» The problem:
The pictures in the listing below are to be skipped, while the lines between the line holding "Úzká horní skleněná" and the line holding "На сцене выступили", inclusive, are to be output exactly.

» Extracted information:
-------------------------

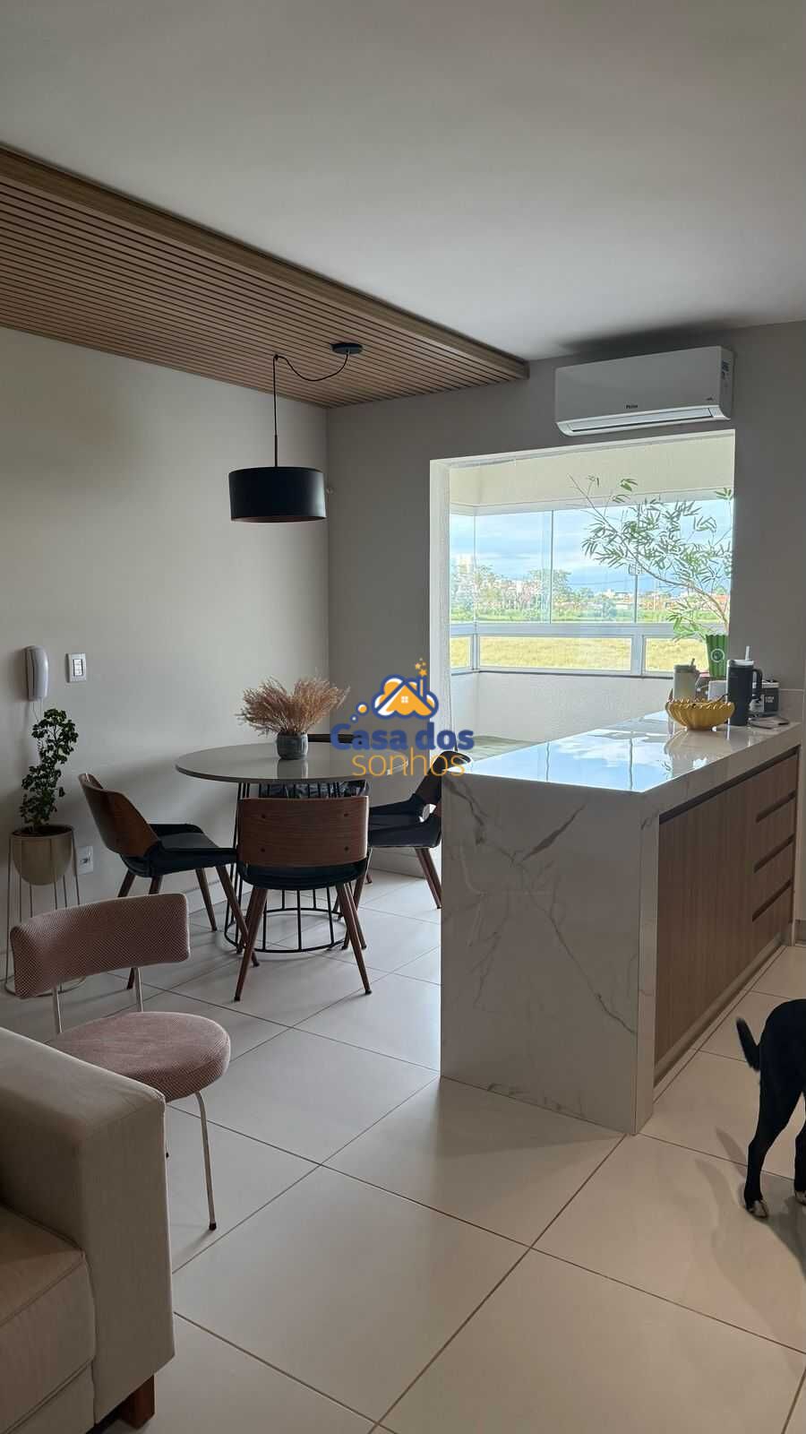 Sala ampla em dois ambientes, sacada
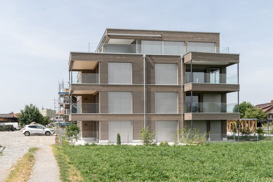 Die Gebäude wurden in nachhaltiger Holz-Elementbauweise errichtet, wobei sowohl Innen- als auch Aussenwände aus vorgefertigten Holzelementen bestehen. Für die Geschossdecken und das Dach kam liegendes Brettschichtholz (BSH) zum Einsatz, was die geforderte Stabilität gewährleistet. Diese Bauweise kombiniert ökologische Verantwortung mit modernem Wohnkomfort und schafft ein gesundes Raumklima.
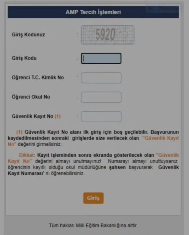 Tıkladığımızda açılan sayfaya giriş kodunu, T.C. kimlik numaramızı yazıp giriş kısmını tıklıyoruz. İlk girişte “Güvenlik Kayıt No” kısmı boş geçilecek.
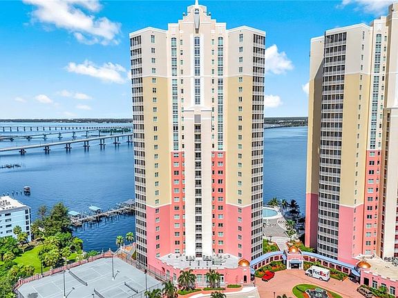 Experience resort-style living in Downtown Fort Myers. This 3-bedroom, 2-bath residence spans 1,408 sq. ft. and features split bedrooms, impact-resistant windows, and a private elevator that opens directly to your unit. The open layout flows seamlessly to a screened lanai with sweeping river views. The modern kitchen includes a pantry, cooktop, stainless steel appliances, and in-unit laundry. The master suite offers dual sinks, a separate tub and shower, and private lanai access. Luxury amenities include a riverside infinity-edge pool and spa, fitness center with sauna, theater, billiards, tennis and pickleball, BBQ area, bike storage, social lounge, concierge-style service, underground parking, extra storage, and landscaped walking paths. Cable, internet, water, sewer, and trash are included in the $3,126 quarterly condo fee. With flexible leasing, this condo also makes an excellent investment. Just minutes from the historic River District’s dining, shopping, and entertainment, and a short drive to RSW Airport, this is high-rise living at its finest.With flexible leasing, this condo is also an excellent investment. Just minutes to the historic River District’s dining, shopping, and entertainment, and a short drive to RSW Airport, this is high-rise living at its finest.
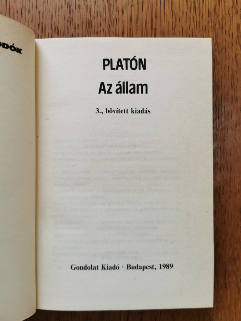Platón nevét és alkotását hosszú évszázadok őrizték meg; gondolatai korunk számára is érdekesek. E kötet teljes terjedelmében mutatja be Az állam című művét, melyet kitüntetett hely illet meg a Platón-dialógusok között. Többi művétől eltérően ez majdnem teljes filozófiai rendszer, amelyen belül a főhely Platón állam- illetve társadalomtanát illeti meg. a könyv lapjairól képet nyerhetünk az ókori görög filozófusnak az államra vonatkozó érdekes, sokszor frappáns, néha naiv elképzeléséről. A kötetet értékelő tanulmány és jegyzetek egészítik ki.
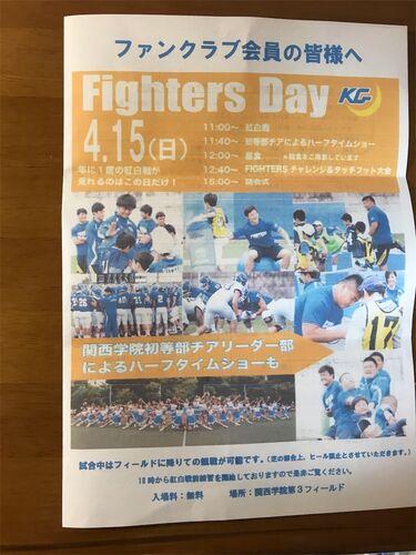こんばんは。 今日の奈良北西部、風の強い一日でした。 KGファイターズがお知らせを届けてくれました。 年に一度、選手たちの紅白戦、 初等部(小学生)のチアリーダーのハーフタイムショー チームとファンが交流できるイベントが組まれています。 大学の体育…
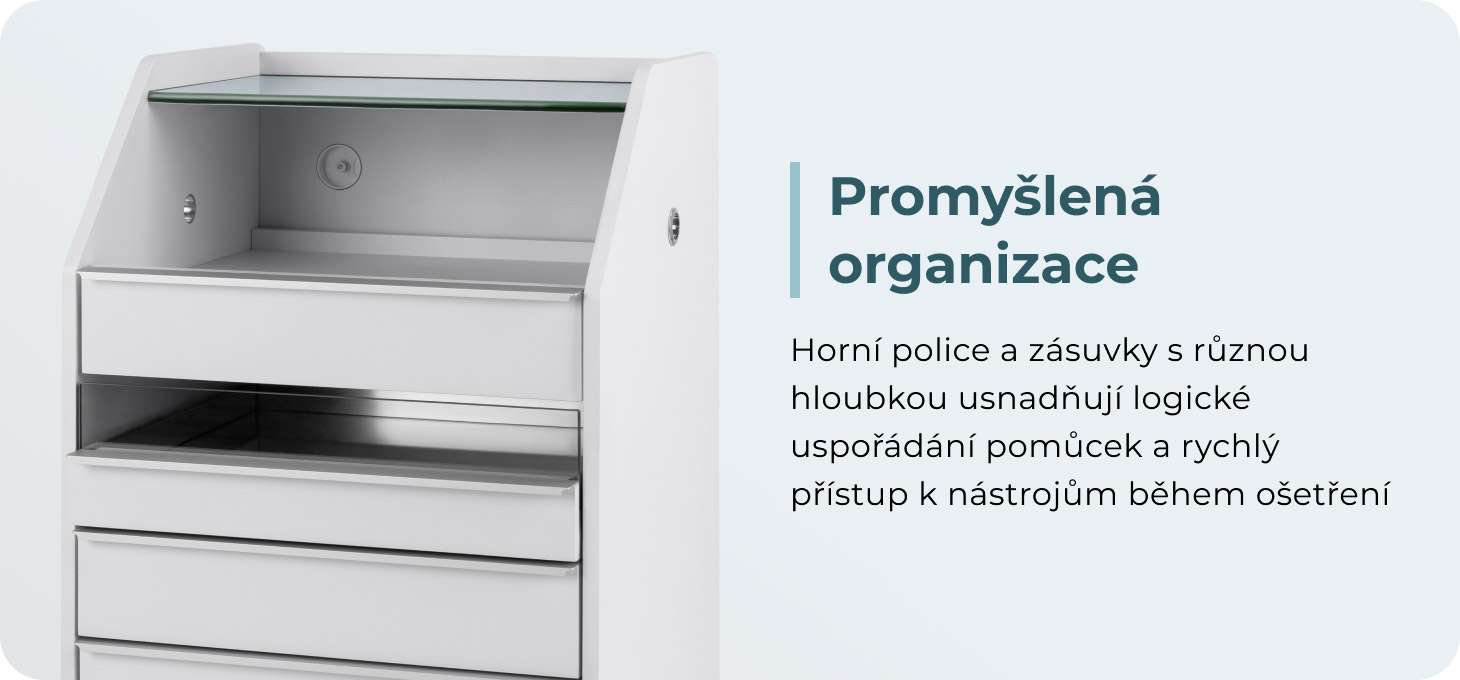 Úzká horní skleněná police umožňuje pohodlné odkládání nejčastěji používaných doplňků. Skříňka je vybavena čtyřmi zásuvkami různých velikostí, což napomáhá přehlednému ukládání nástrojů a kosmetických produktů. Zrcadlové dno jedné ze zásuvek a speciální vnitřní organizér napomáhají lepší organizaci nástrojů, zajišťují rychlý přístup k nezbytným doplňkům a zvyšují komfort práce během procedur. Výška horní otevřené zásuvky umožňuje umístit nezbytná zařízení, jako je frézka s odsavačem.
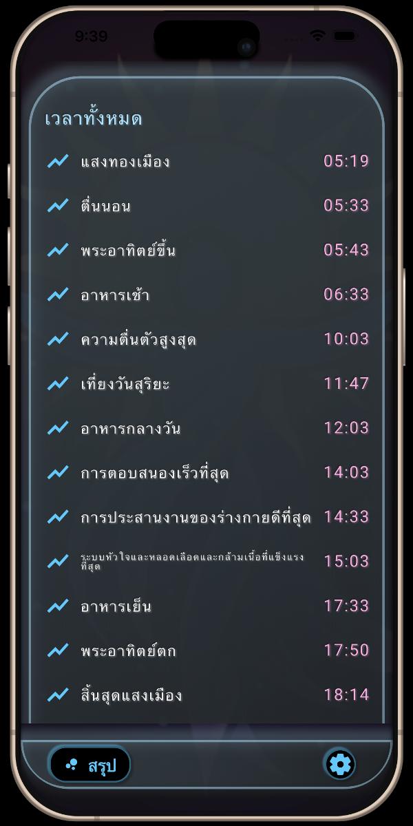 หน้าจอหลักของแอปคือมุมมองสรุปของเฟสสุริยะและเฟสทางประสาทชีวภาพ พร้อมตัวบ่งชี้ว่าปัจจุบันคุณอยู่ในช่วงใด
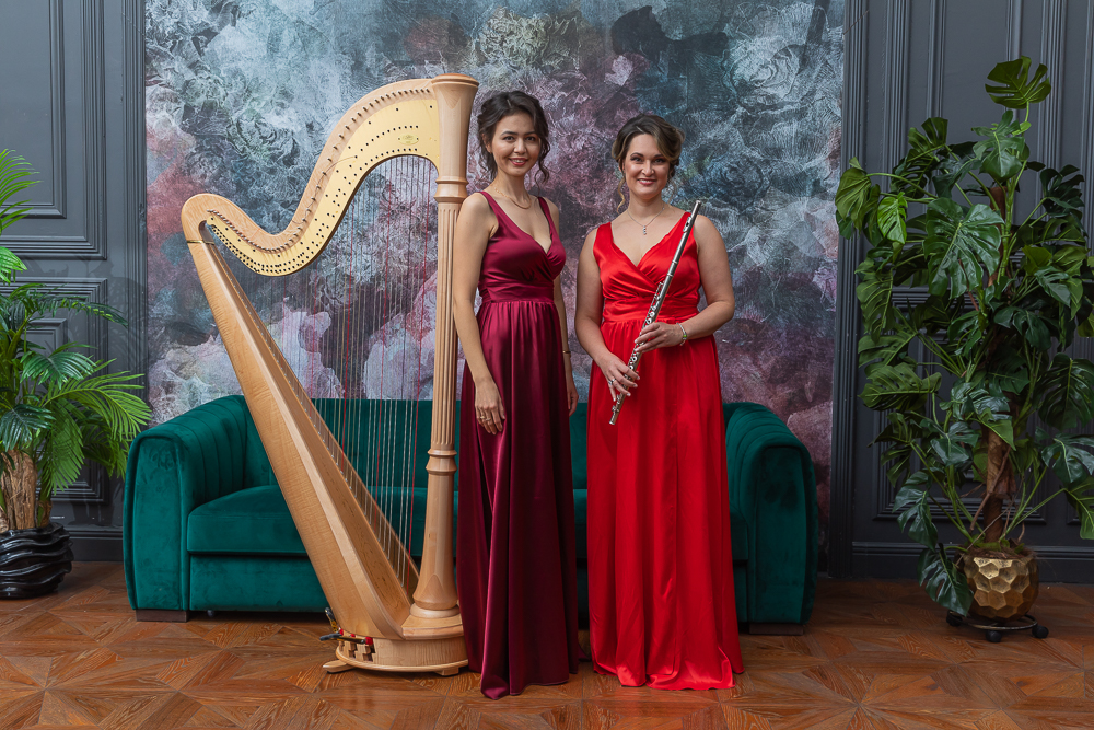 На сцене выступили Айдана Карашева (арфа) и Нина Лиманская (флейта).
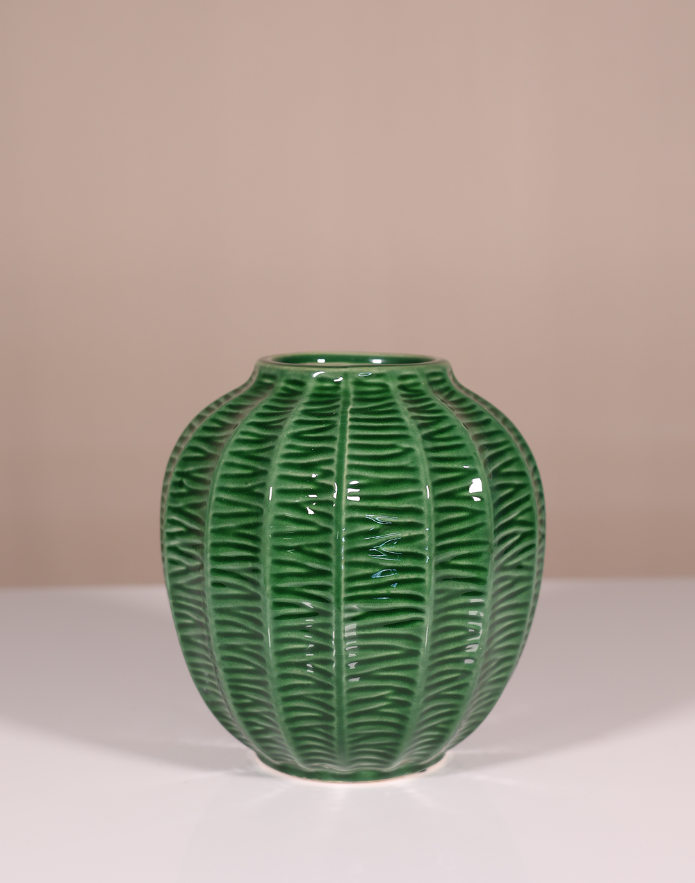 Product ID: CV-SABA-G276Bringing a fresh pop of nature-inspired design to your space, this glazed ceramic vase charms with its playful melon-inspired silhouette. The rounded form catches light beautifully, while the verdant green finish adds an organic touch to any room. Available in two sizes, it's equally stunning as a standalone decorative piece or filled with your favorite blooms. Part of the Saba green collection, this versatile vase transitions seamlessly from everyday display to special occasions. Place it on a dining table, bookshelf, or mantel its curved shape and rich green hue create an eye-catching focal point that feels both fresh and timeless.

-------------------------

» The answer:
 Úzká horní skleněná police umožňuje pohodlné odkládání nejčastěji používaných doplňků. Skříňka je vybavena čtyřmi zásuvkami různých velikostí, což napomáhá přehlednému ukládání nástrojů a kosmetických produktů. Zrcadlové dno jedné ze zásuvek a speciální vnitřní organizér napomáhají lepší organizaci nástrojů, zajišťují rychlý přístup k nezbytným doplňkům a zvyšují komfort práce během procedur. Výška horní otevřené zásuvky umožňuje umístit nezbytná zařízení, jako je frézka s odsavačem.
 หน้าจอหลักของแอปคือมุมมองสรุปของเฟสสุริยะและเฟสทางประสาทชีวภาพ พร้อมตัวบ่งชี้ว่าปัจจุบันคุณอยู่ในช่วงใด
 На сцене выступили Айдана Карашева (арфа) и Нина Лиманская (флейта).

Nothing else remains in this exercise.